Information provided »
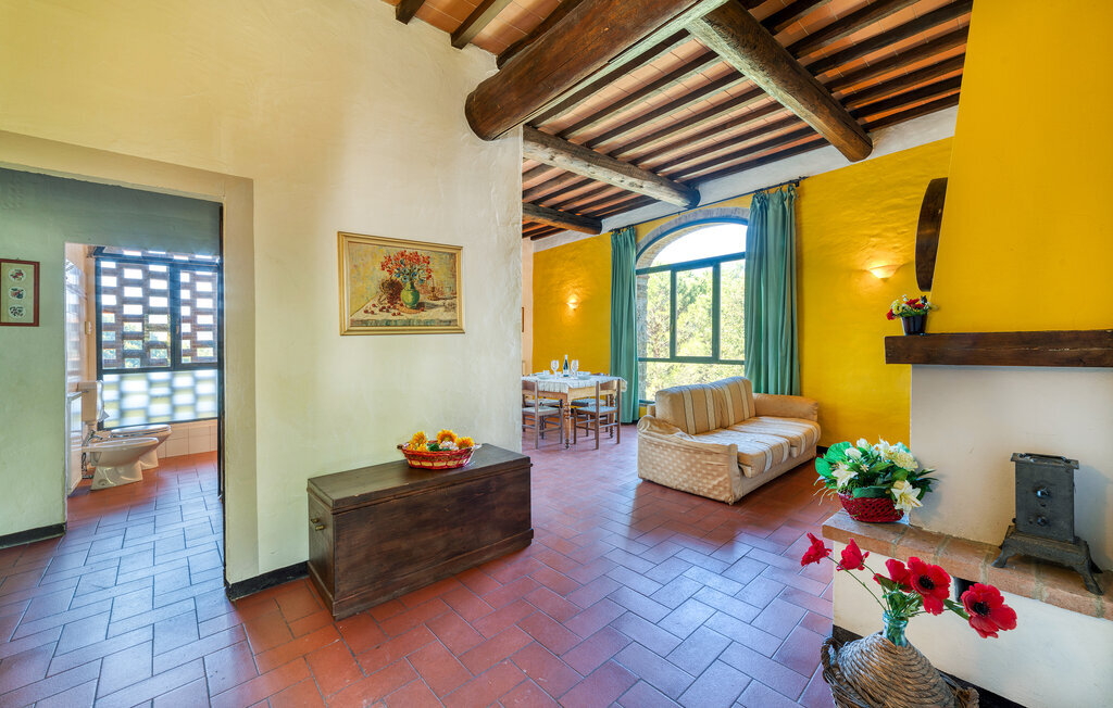 Cette charmante maison de vacances colorée à Dicomano, entourée de douces collines et d'une verdure luxuriante, vous offre l'occasion de vous évader du quotidien. Profitez du confort et de la tranquillité de cette authentique maison de campagne tout en bénéficiant des commodités modernes. La maison de vacances est aménagée avec soin et vous invite à vous y attarder. Le salon spacieux avec ses poutres en bois traditionnelles et ses sols en terre cuite dégage une ambiance chaleureuse. Profitez de la cheminée ouverte pour passer des soirées agréables ou préparez de délicieux plats avec des ingrédients régionaux dans la cuisine ouverte. La cuisine-salle à manger vous offre suffisamment de place pour des repas en commun, au cours desquels vous créerez des moments inoubliables avec votre famille ou vos amis.
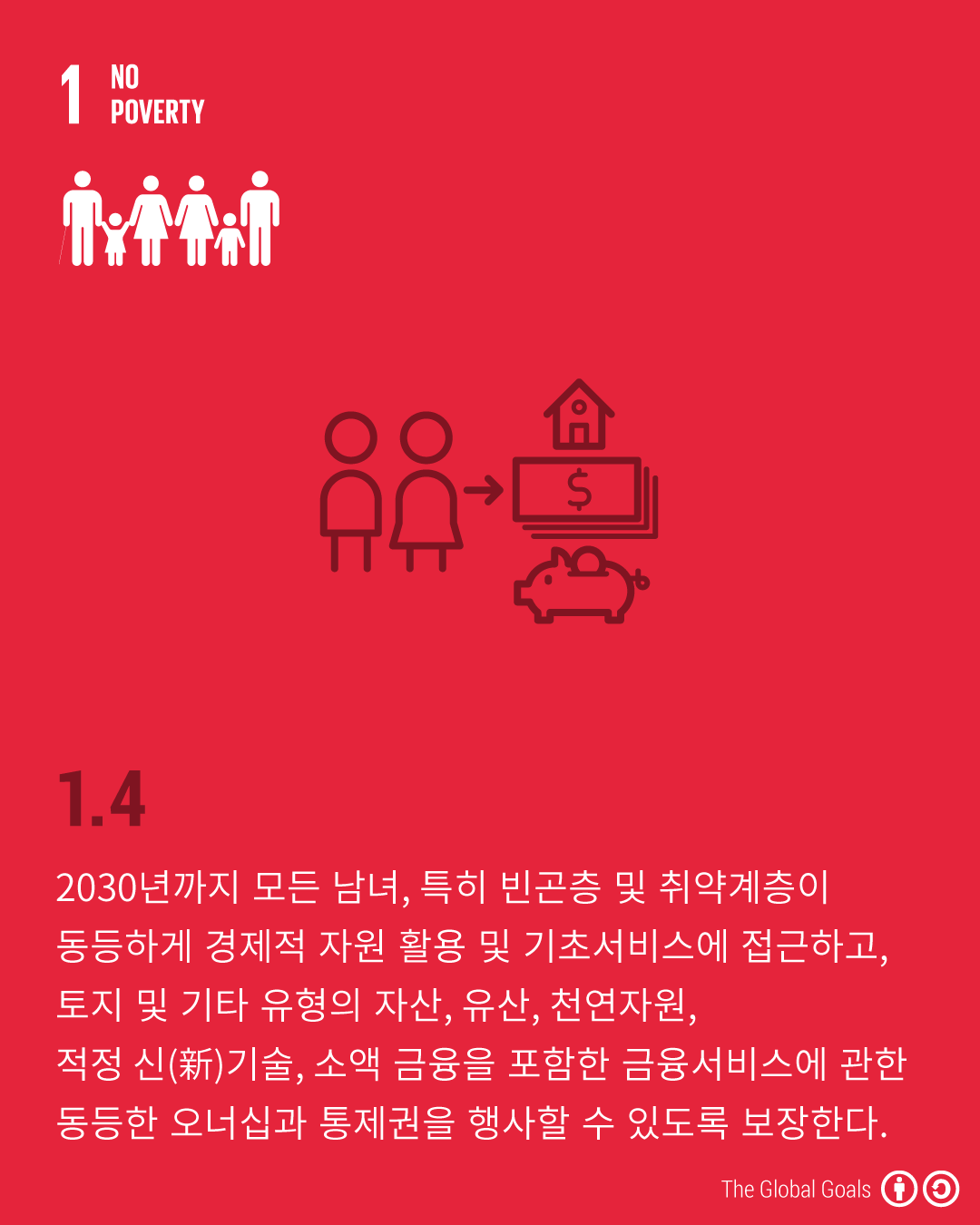 - 1.4 - 2030년까지 모든 남녀, 특히 빈곤층 및 취약계층이 동등하게 경제적 자원 활용 및 기초서비스에 접근하고, 토지 및 기타 유형의 자산, 유산, 천연자원, 적정 신(新)기술, 소액 금융을 포함한 금융서비스에 관한 동등한 오너십과 통제권을 행사할 수 있도록 보장한다.
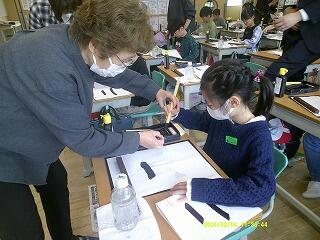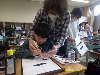3組の書写の時間に、書道連盟の先生方から、筆の持ち方や墨の含ませ方、筆の運び方など、一人一人に丁寧に教えていただきました。「もっと書きたい」という思いが広がり、集中して取り組む時間となりました。明日は1組、来週は2組でも学習を予定しています。

Activity » What's needed is a word-for-word retyping of the listing, minus its pictures.

Output of the task »
 Cette charmante maison de vacances colorée à Dicomano, entourée de douces collines et d'une verdure luxuriante, vous offre l'occasion de vous évader du quotidien. Profitez du confort et de la tranquillité de cette authentique maison de campagne tout en bénéficiant des commodités modernes. La maison de vacances est aménagée avec soin et vous invite à vous y attarder. Le salon spacieux avec ses poutres en bois traditionnelles et ses sols en terre cuite dégage une ambiance chaleureuse. Profitez de la cheminée ouverte pour passer des soirées agréables ou préparez de délicieux plats avec des ingrédients régionaux dans la cuisine ouverte. La cuisine-salle à manger vous offre suffisamment de place pour des repas en commun, au cours desquels vous créerez des moments inoubliables avec votre famille ou vos amis.
 - 1.4 - 2030년까지 모든 남녀, 특히 빈곤층 및 취약계층이 동등하게 경제적 자원 활용 및 기초서비스에 접근하고, 토지 및 기타 유형의 자산, 유산, 천연자원, 적정 신(新)기술, 소액 금융을 포함한 금융서비스에 관한 동등한 오너십과 통제권을 행사할 수 있도록 보장한다.
3組の書写の時間に、書道連盟の先生方から、筆の持ち方や墨の含ませ方、筆の運び方など、一人一人に丁寧に教えていただきました。「もっと書きたい」という思いが広がり、集中して取り組む時間となりました。明日は1組、来週は2組でも学習を予定しています。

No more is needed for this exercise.